Entrepreneurs should be connected with helpful people and tools

Individuals who have started their own businesses could learn from others who have walked the same path. New entrepreneurs thrive when they get support from skilled professionals through networks, cooperative platforms, and co-working hubs, as well as incubators and accelerators. “Sixty-four percent of entrepreneurs find the opinions and insights of others who have started a business to be helpful,” according to the Kauffman Foundation whitepaper America’s New Business Plan. “Even more (79 percent) said they would participate in weekly programs for local entrepreneurs to get together if those programs existed.”

Advocates of entrepreneurial development say federal agencies should make a greater effort connecting new entrepreneurs with helpful people and tools. To do that, they could develop grants to modernize small business development centers and service locations, focusing on facilitated learning through connections and peer support. Furthermore, they could provide federal funding to organizations that serve entrepreneurs when certain criteria are met.

These advocates also feel the Small Business Administration (SBA) and the Corporation for National and Community Service (CNCS) should collaborate to develop an “Entrepreneurship Corps” program, linking underprivileged and novice entrepreneurs with more experienced ones for mentorship and training opportunities. Underserved communities in the US that apply for specific assistance could then have established entrepreneurs dispatched to their region.
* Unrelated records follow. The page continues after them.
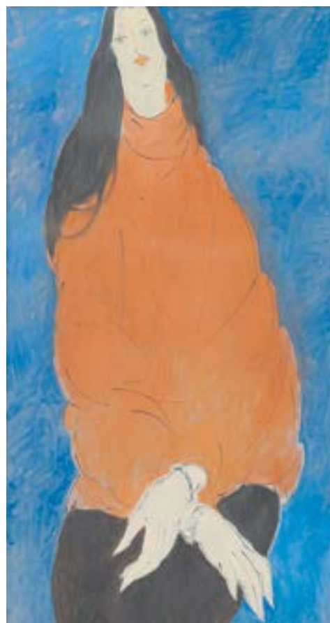
Игорь Бессонов. Ева. 2022. Новокузнецк.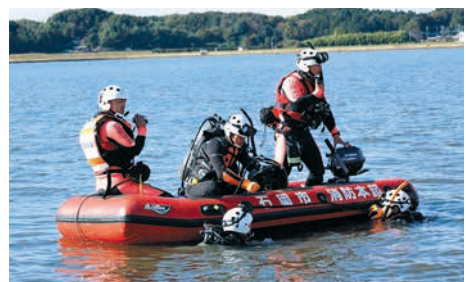
▲潜水探索に臨む救助隊員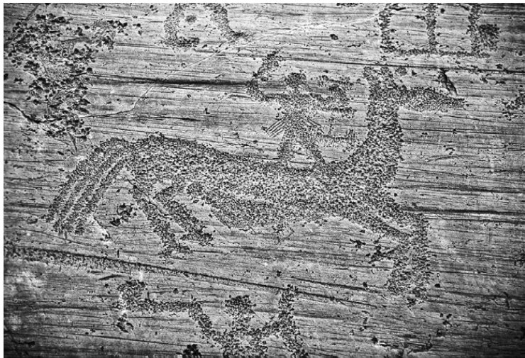
Изображения в долине Валь-Камоника

менный человек, взглянув на такую картинку, сразу скажет, что это космонавты. Но рисункам в долине Валь-Камоника 5—10 тысяч лет! По нашим представлениям, в те стародавние времена не могло быть космонавтов. История утверждает: человеческая цивилизация тогда только зарождалась. Это наталкивает на мысль, что древние люди не просто придумали, а рисовали «всевышних богов» с натуры.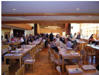
600 Teilnehmer benötigen viel Platz

Bei den Fachvorträgen konnte man allerdings den Eindruck gewinnen, dass die Referenten wohl gehofft hatten, schon über die neue WEG-Novelle referieren zu können, wenn die Tagung in Fischen statt findet. Denn die Vertragsinhalte zeichneten sich durch eine gewisse Hilflosigkeit aus, noch etwas Neues im Regierungsentwurf von 2005 zu finden.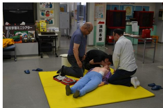
心肺蘇生の実技テスト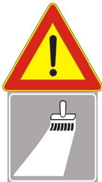
Figura Il 391 Art. 31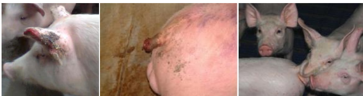
Slika 5. Griža uški i repova kod svinja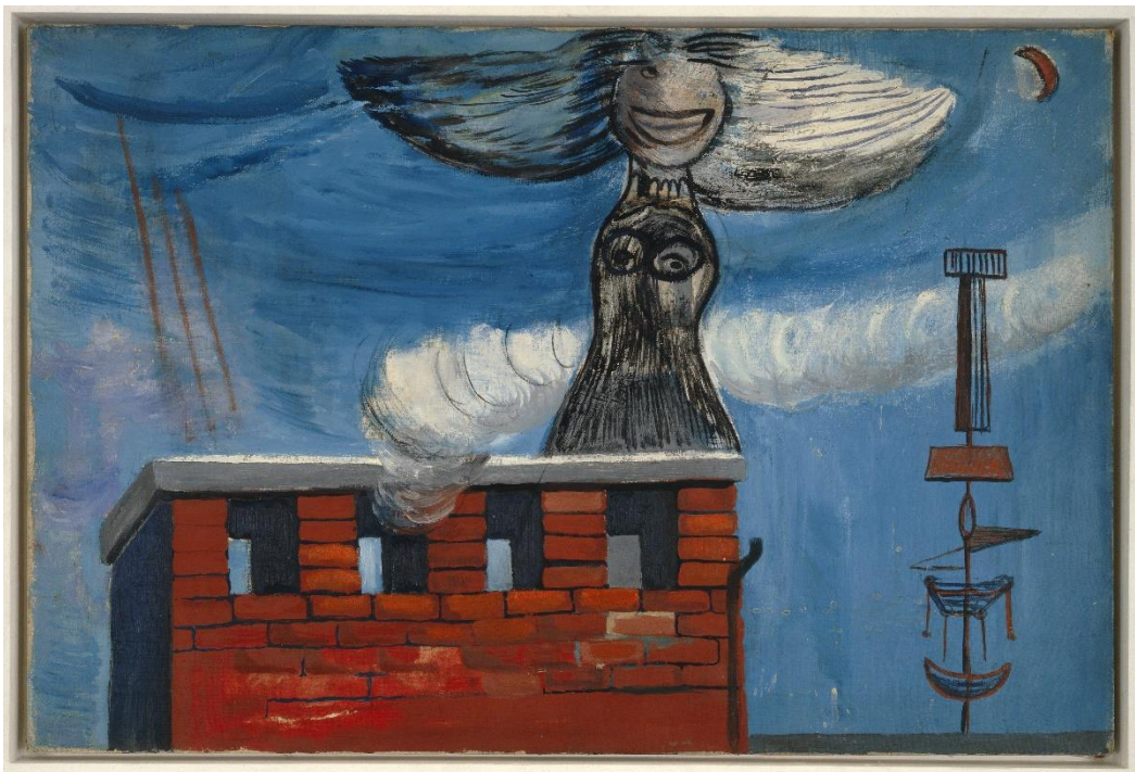
Louise Bourgeois, Roof Song , 1947

Unteres Belvedere 22. September 2023 bis 28. Jänner 2024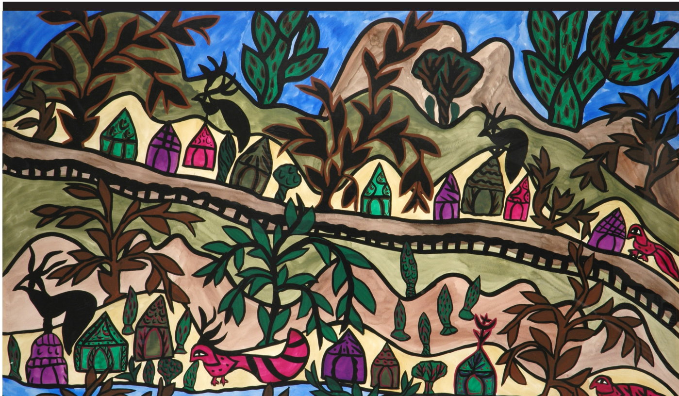
Baya, Paysage aux maisons et collines, gouache sur papier, 1966, FNAC 29677, Centre national des arts plastiques, Dépôt au Musée du Quai Branly.

Le parcours s'ouvre sur deux œuvres en vis-à-vis, initiant dès l'entrée une relation entre extérieur et intérieur, ce que je vois et ce que je ressens.

Evidence indicates such efforts would prove beneficial. “Thirty-three percent of founders who were mentored by successful entrepreneurs went on to become top performers,” according to Endeavor Insight Director Rhett Morris.

Above all, policymakers should keep young people in mind when it comes to cultivating entrepreneurship. “We understand the digital space better, and e-commerce is becoming more important. The COVID-19 pandemic has shown that,” says Serres, who recently co-founded a business that puts the work of young graphic artists on everyday items. “Young people are helping to redefine what the marketplace looks like,” he says. “We’re important to the economy.”